27. Nuclear Abnormalities :Dysplasia is characterized by increased size of the nucleus, increased nuclear:cytoplasmic ratio; increased chromatin content (hyperchromatism); abnormal chromatin distribution (coarse clumping); and nuclear membrane irregularities such as thickening and wrinkling.
Cytoplasmic Abnormalities :result from failure of normal differentiation, eg, lack of keratinization in squamous cells and lack of mucin in glandular epithelium.

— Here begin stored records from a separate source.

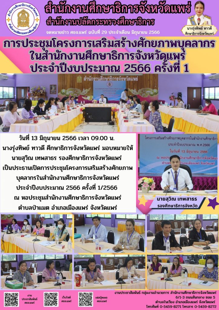 วันที่ 13 มิถุนายน 2566 เวลา 09.00 น. นางรุ่งทิพย์ ทาวดี ศึกษาธิการจังหวัดแพร่ มอบหมายให้นายสุวิณ เทพสาธร รองศึกษาธิการจังหวัดแพร่ เป็นประธานเปิดการประชุมโครงการเสริมสร้างศักยภาพบุคลากรในสำนักงานศึกษาธิการจังหวัดแพร่ ประจำปีงบประมาณ 2566 ครั้งที่ 1/2566 ณ หอประชุมสำนักงานศึกษาธิการจังหวัดแพร่ ตำบลป่าแมต อำเภอเมืองแพร่ จังหวัดแพร่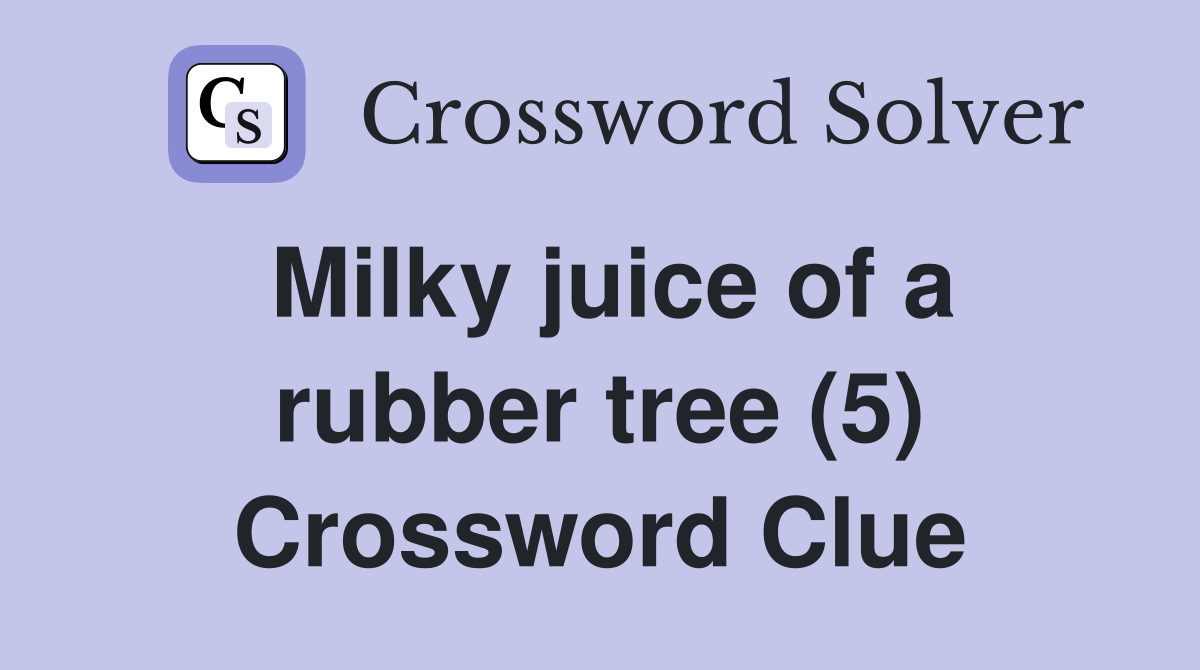 Milky juice of a rubber tree (5) Crossword Clue Answers Crossword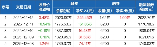 A50ETF:融资净买入245.46万元,融资余额2020.99万元(12-12)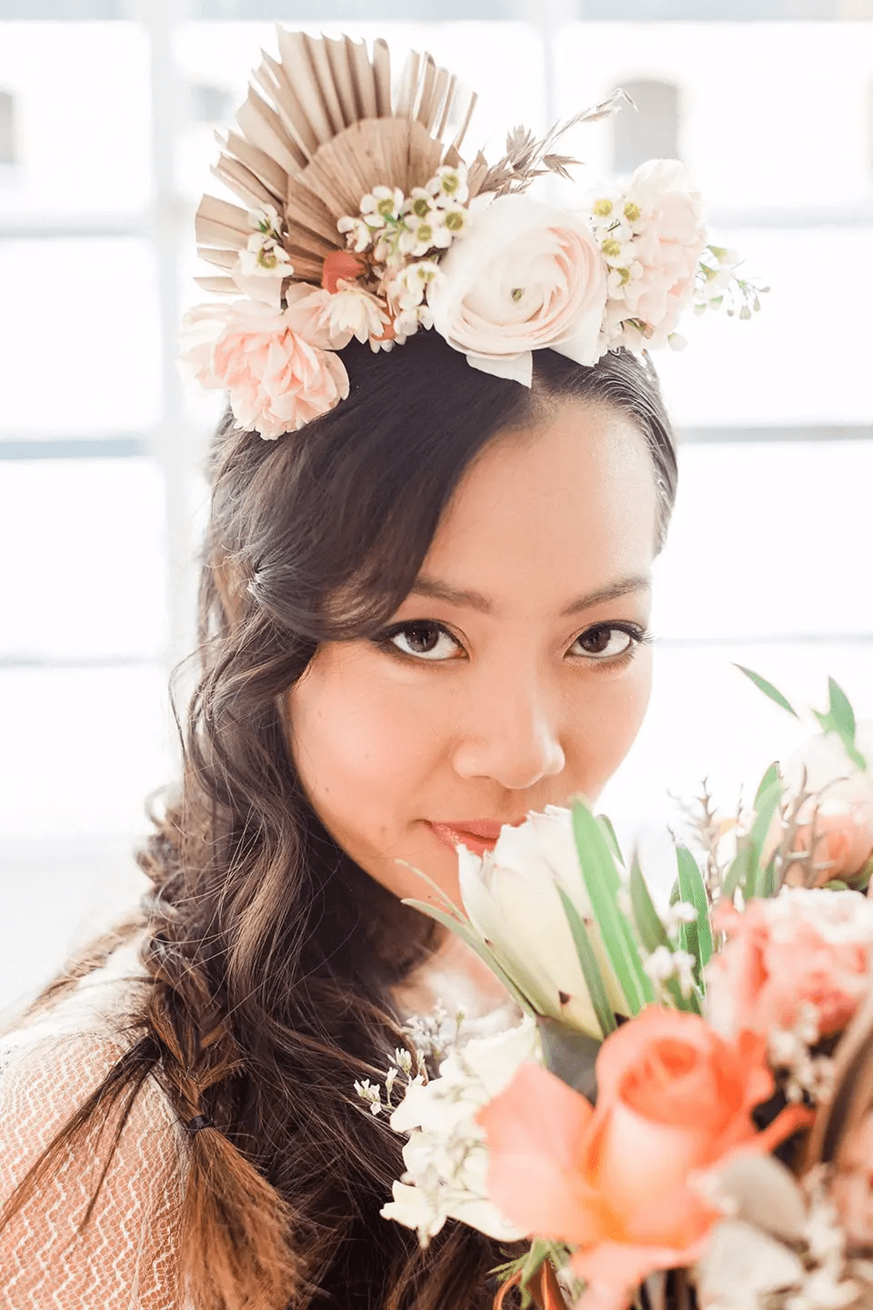 إذا كنت تحلمين بإطلالة زفاف بوهيمية، ننصحك بتجربة أكاليل الزهور المجففة، والتي ستمنحك إطلالة رومنسية جميلة. تستطعين كذلك صنع تاج نباتي مصمم خصيصًا وفقًا لمحيط رأسك وأسلوب زفافك والألوان المفضلة لديك.

Increased Rate of Cell Multiplication : characterized by the presence of mitotic figures in many layers of the epithelium. Individual mitoses are morphologically normal in dysplasia.
Disordered Maturation
Significance of Dysplasia
Epithelial dysplasia is a premalignant lesion, associated with an increased risk of development of cancer.

28. Differences between Dysplasia & Neoplasia
Lack of Invasiveness :
Does not invade the basement membrane
Complete removal of the dysplastic area is therefore curative.
Cancer, in contrast, invades the basement membrane and spreads from the local (primary) site via lymphatics and blood vessels, so that excision of the primary site may not be curative.
Reversibility
Dysplastic tissue may sometimes spontaneously return to normal—unlike cancer, which is an irreversible process.
Severe dysplasia may be irreversible.